In a foreword to the report, Britain's best-known naturalist,
Sir David
Attenborough, writes: "The following pages contain hard
scientific
dispassionate evidence that there is no humane way to kill a
whale at
sea." Peter Davies, the director general of the World Society
for the
Protection of Animals (WSPA), one of the leading groups in the
coalition,
said: "Far from being a thing of the past, commercial whaling
is
threatening to rear its ugly head and scourge our seas. The
future of
whales is on a knife-edge, with pro-whaling nations having a
real chance
of achieving a majority voting bloc that could jeopardise existing
restrictions on whaling. The Whalewatch coalition believes that
whaling is
inherently cruel."
The technology used for killing whales has altered little since
the 19th
century, when the grenade-tipped harpoon was invented. The harpoon
is
intended to penetrate the whale's body before detonating, killing
it by
inflicting massive shock and injury.

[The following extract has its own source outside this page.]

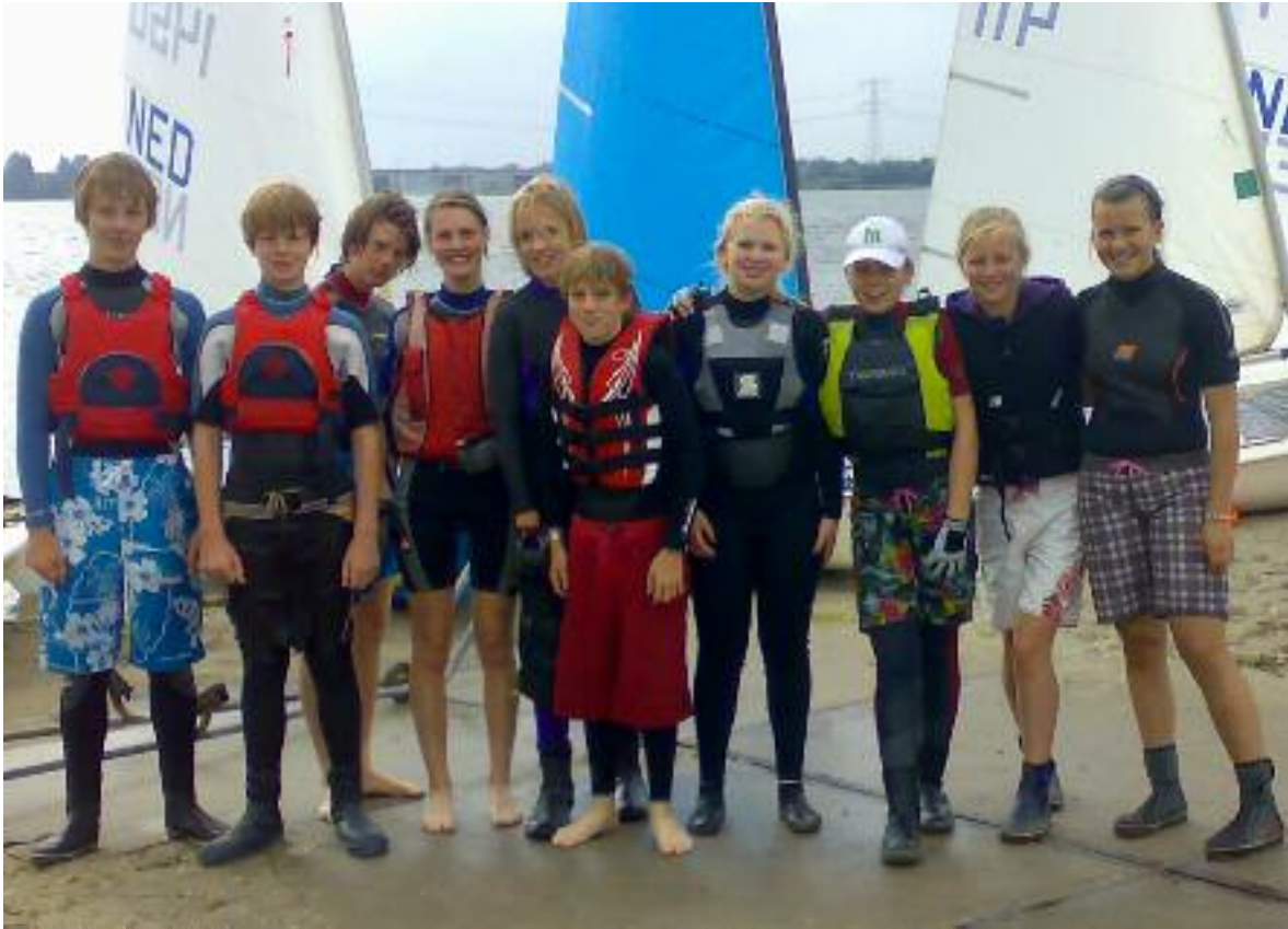
Zwaardboten 2007, op het strand van Muiderzand.

Eshuis jr. De doelstellingen en voorwaarden werden duidelijk opgeschreven en benadrukt werd dat we geenszins een zeilschool wilden zijn. Desalniettemin werd een flinke professionalisering doorgevoerd. Er werd een jeugdzeilweekend aan het programma toegevoegd, er werd fanatiek wedstrijd gezeild, onder meer met 5 Vauriens (2mans boten). Daarnaast werd een 'bengel' groep toegevoegd omdat er steeds meer interesse kwam om jeugdzeilen te geven aan kinderen jonger dan 9 jaar en we werden CWO erkend. In 1994 werd

Given the constantly moving
environment in which whales live and are hunted, achieving a
quick clean
kill is inherently difficult. Despite its destructive power,
the whaler's
harpoon often fails to kill its victim immediately and some
whales take
over an hour to die. The difficulties in hitting a whale with
any degree
of accuracy can be seen in the margin for human error. For instance,
despite similar killing methods being used, Norway reported
that one in
five whales failed to die instantaneously during its 2002 hunt,
while
Japan reported that almost 60 per cent of whales failed to die
instantaneously in its 2002-03 hunt.
None of this is likely to persuade the well-to-do clientele
of one of
Tokyo's top whale restaurants, Ganso Kujiraya in Shibuya, from
giving up
their favourite dish. Komi Morita could be found there recently
tucking
into a plate of whale sashimi. "When I hear people say
they don't eat
whale I feel sorry for them," he said. "It's delicious.
The problem is
people are too sentimental about them. I think they're cute
too, but so
are cows and that doesn't stop Westerners eating beef, does
it?"
Cows are hardly nearing extinction though. "Neither are
minke whales,"
says his companion Komi Morita. "Nobody in Japan wants
to hunt whales to
extinction. We understand the need for controls. But being told
by the
rest of the world that we can't eat them strikes us as odd."